La France agricole : Quelle est la particularité du métier d’agriculteur ?
Josiane Voisin : Les agriculteurs portent trois casquettes : celles de directeur, de cadre et d’opérateur. Ces fonctions ne sont pas séparées dans le temps : celui passé sur le tracteur est souvent un moment privilégié de réflexion. Mais tenir ces trois fonctions reste complexe. Et celle de direction est la moins évidente à assumer.
Pourquoi focalisez-vous sur elle ?
En agriculture, il y a beaucoup de prescripteurs : les techniciens, les conseillers, les banquiers mais aussi les voisins et les parents. Or, chacun d’entre eux voit les projets de l’exploitant avec le seul regard de sa spécialité. Et chacun exerce une pression plus ou moins forte sur l’agriculteur. Il est essentiel pour lui de se sentir bien pour y résister et garder les rennes de son exploitation, sa logique de métier. Sinon il y perd goût, surtout si l’économique ne suit pas.
Comment devenir « directeur » ?
Être directeur n’est pas simple. Après avoir travaillé avec de nombreux agriculteurs, je peux dire que lorsqu’ils en prennent conscience, ils vont mieux : cela donne de la valeur à leur fonction. Ils se questionnent : est-ce que je m’y retrouve ? Comment aurais-je pu faire autrement ? Est-ce que ma situation me paraît normale ? Quelle place je prends ? Quelle place on me laisse ? Quelle place occupe mon père ? Ils ont besoin d’être réassurés, d’autant que leur réalité n’est souvent pas reconnue à l’extérieur. Au départ, ils sont frileux. Cela peut être difficile d’entrevoir comment ils se sont laissés enfermer. Mais ils rebondissent vite. Comme cet agriculteur qui a été voir le directeur de sa coopérative. Il lui a expliqué que le nouvel itinéraire technique que la coopérative lui imposait demandait trop de temps, de travail supplémentaire. Au lieu de se fâcher avec le technicien qui transmettait l’exigence, il est allé en discuter avec le directeur.

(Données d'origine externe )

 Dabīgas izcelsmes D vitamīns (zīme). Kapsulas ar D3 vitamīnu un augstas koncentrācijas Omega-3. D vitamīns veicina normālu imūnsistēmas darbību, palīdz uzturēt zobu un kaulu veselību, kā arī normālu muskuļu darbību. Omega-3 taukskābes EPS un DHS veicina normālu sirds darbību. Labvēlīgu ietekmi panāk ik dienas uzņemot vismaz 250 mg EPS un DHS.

Comment être plus serein ?
Tout le monde a conscience que l’exploitation peut un jour s’arrêter. Cela engendre de la peur. Ceux qui, dans l’étude, assumaient leur fonction de direction se créaient des marges de manœuvre (même étroites). Ils n’étaient pas ficelés par les prescriptions externes citées plus haut.
Quelle autre limite poser ?
Le travail doit être réalisable. Les agriculteurs disent souvent : « On n’est pas des fainéants. On va y arriver. » Cette valorisation du travail fait partie des valeurs du monde agricole. Mais c’est risqué de ne pas s’interroger sur la charge de travail. Trop souvent, la contrainte économique domine et les ressources « santé au travail » dont dispose l’agriculteur sont surévaluées. Au moindre pépin, cela ne passe plus. Ou les agriculteurs sont très fatigués : certains nous disent s’endormir sur le tracteur.

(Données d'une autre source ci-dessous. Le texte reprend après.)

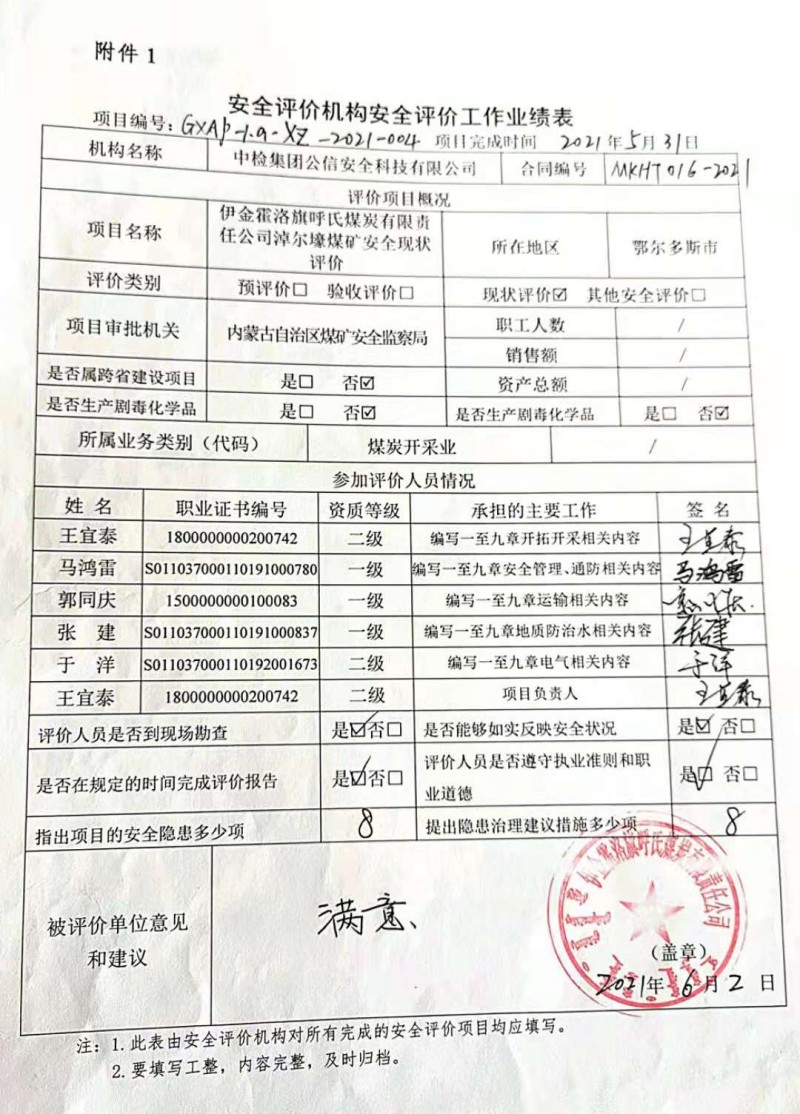 | 評(píng)價(jià)項(xiàng)目名稱 | 伊金霍洛旗呼氏煤炭有限責(zé)任公司淖爾壕煤礦安全現(xiàn)狀評(píng)價(jià)報(bào)告 | ||||||

Comment limiter le risque santé ?
Si l’agriculteur n’a pas prévu d’être remplaçable (absence, accident), il met l’exploitation en danger. Cela nécessite d’organiser son travail, de le rendre lisible : comment faire pour avoir confiance dans quelqu’un d’autre ? Comment je transmets les consignes ? Qu’est ce qui est prioritaire ? Comment je simplifie le travail du week-end ? La possibilité de prendre du temps pour soi devrait être organisée dès l’installation.